With no roadmap, Harvey went back to his workshop and began cutting, fitting, and experimenting with whatever parts he could find.

He wasn’t chasing patents or markets — he was just trying to solve a problem for one drummer on one tour. But the solution worked so well it didn’t just save the gig — it rewired the entire industry.

In Can I Get a Little More Me, Harvey’s story is more than an origin tale for custom IEMs. It’s a reminder that some revolutions start not with a grand vision, but with someone refusing to fail when the stakes are highest.

But before any of that, there was a moment — the spark.

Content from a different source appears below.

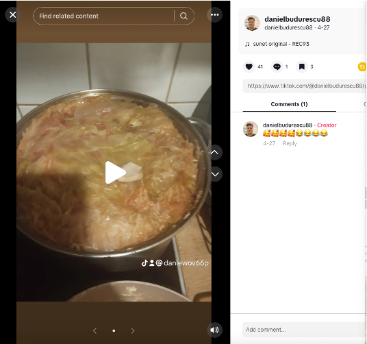 Clipul video de mai jos a fost clonat de pe contul original “daniewov66p” și distribuit de “danielburudescu88”, dar în audio include o înregistrare a unui discurs al lui Călin Georgescu. Aceasta este o tactică folosită de influenceri care încearcă să capteze atenția privitorilor printr-un anumit conținut vizual, în timp ce avansează narațiuni specifice prin intermediul audio-ului sau “efectului sonor” al videoclipului.

Watch Jerry Harvey describe, in his own words, the night in 1984 when he nearly walked away… and the decision that changed everything:

“Yeah… screw painting cars. This is what I’m going to do for a living.”

The Bigger Picture
Jerry Harvey didn’t set out to reinvent live sound — he just didn’t want to get fired. That “do or die” moment became the foundation for a career that would change the way the world hears live music. In Can I Get a Little More Me, Jerry’s story captures the urgency, creativity, and grit that turned a desperate fix into an industry revolution.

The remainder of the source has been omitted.